Supplied data

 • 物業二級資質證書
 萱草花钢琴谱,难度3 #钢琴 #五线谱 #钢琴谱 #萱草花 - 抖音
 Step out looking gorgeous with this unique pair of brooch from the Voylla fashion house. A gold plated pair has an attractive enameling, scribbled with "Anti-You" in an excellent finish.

==

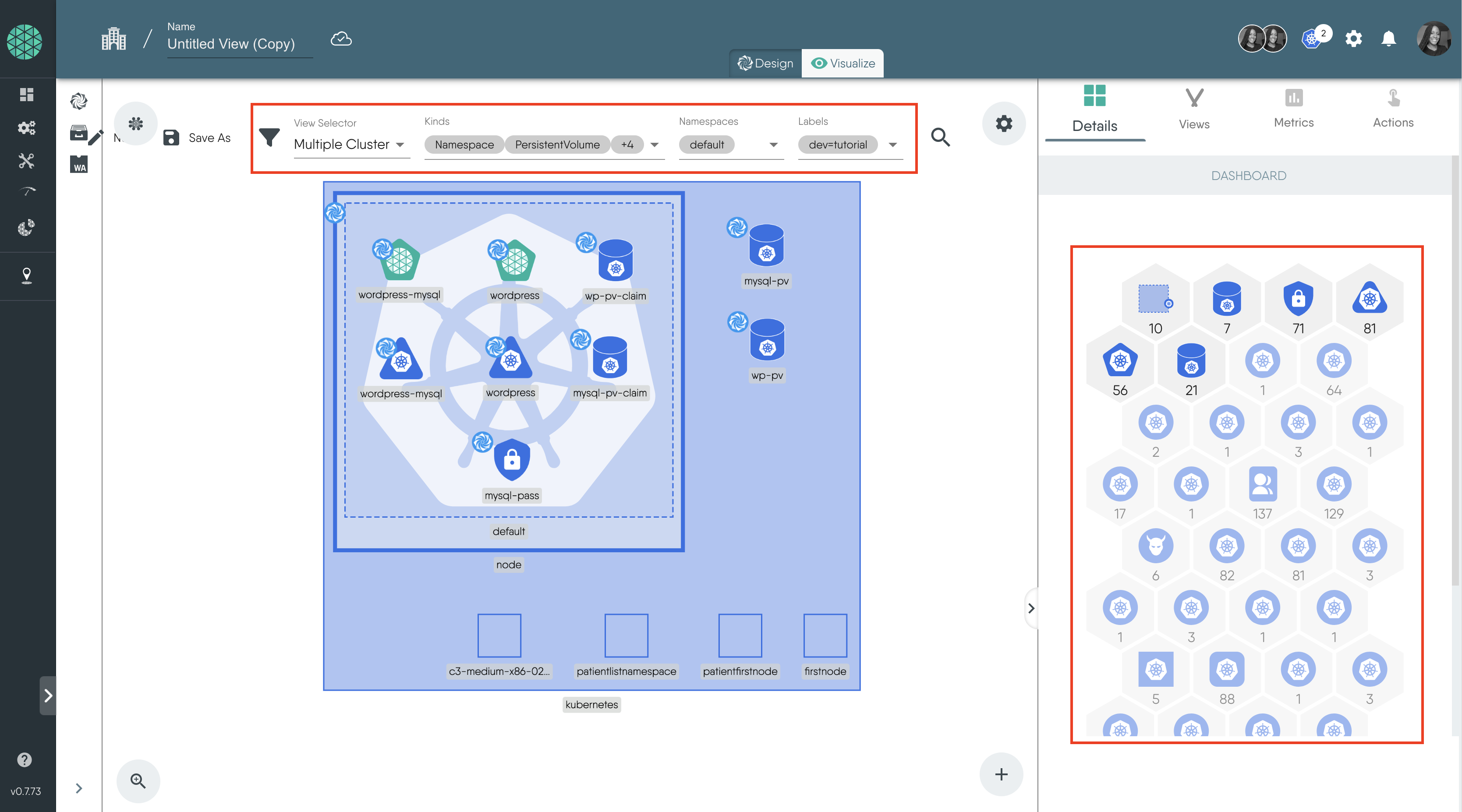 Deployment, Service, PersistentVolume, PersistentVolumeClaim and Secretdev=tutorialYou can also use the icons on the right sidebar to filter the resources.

==

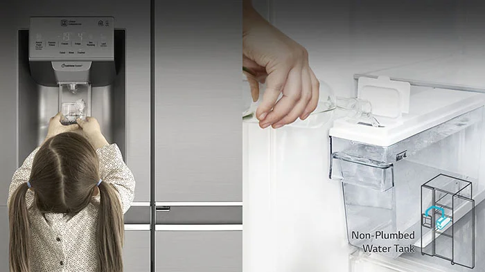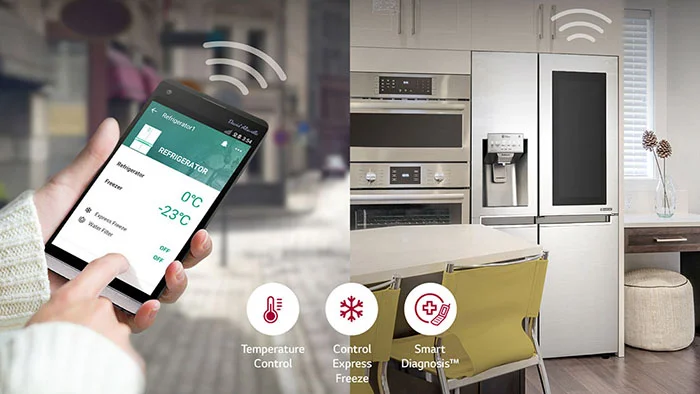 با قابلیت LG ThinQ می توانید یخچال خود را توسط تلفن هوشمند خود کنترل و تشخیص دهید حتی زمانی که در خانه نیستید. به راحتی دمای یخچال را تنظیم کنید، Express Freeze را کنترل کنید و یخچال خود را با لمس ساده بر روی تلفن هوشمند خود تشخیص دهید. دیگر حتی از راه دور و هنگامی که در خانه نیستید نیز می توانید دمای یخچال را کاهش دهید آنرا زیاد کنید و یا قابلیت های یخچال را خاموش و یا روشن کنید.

Problem description
Give the exact lines, and only those, from the line containing "萱草花钢琴谱,难度3 #钢琴 #五线谱 #钢琴谱 #萱草花 - 抖音" through the line containing "Step out looking" in the entries above.

Exercise solution
 萱草花钢琴谱,难度3 #钢琴 #五线谱 #钢琴谱 #萱草花 - 抖音
 Step out looking gorgeous with this unique pair of brooch from the Voylla fashion house. A gold plated pair has an attractive enameling, scribbled with "Anti-You" in an excellent finish.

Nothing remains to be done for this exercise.